During the same period, Dr. Kietzman also received a call from the North Koreans attempting to reach Jimmy Carter. They were insistent about reaching Carter at 10:00 the next morning. Kietzman called the Carter Center in Atlanta and got a quick response from the ex-president.

“He wanted to know what this is all about,” Dr. Kietzman recalls. “He said, ‘I’ll talk to them, but it can’t be tomorrow at 10:00 in the morning, because I’ll be teaching Sunday school.”

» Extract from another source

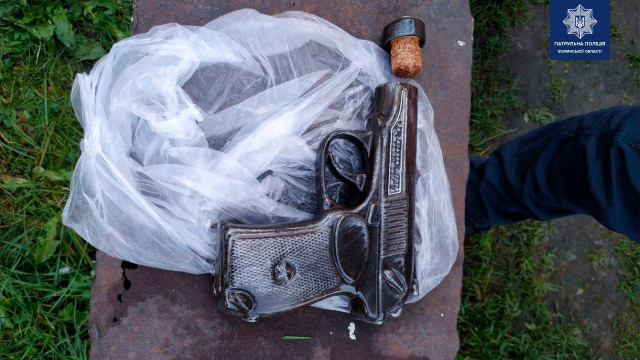У помешканні знайшли також декоративну флягу у вигляді зброї. На місце викликали слідчо-оперативну групу. Відповідно до ст. 208 КПК, чоловіка затримано до відділу поліції, йому може загрожувати покарання за розбій.

Jimmy Carter in North Korea
Jimmy Carter in North Korea

Arrangements were made for Carter to speak to them the following day, however, which led to Jimmy Carter’s historic visit to North Korea with his wife Rosalynn as representatives of the Carter Center, in a quest to help defuse issues surrounding North Korea’s budding nuclear program – a controversy still alive today.

Beginning in 1946, Dr. Kietzman served in Mexico, Peru, and Brazil with Wycliffe Bible Translators and eventually became Wycliffe’s director for North America in the 1970s. He co-founded Wycliffe Associates, and also headed Every Home for Christ.

Later, he became a professor at William Carey International University and an elder statesman, facilitating the ministry goals of many Christian organizations.

Now slowing in retirement, he still has a big heart for the Totonaco tribe, a group he’s been assisting for 30 years. “We are a Barnabas to their efforts,” he says. As former president of Latin American Indian Ministries, he helped make resources available for Christian leaders in the group.

His gift of administration was recognized very early, when he was placed in increasingly important leadership roles within Wycliffe.

In these roles he often interacted with William Cameron Townsend, the founder of the organization. “He was a descendant of farmers,” says Kietzman. “What was surprising was his boldness. He could talk to any ambassador or president of a company. But he was never flashy, and never dressed like a diplomat.”

“His technique was always to ask for their help, not with anything difficult, but with something they could easily do, because that would build a friendship.”

Townsend would also invite people to eat with him. “During the meal he’d say, ‘It’s my custom to read from the scripture, because I need my spiritual food.’ So he’d pull out a pocket New Testament and open to John 17 or John 3. And he’d turn to the most important guest and ask if they would mind reading it. So this would always open the conversation to spiritual things.”

During a service leave from Wycliffe in 1973, Dr. Kietzman started Wycliffe Associates and arranged a U.S. tour for Brother Andrew, the Dutch Bible smuggler who was taking Bibles into Eastern Europe at the time.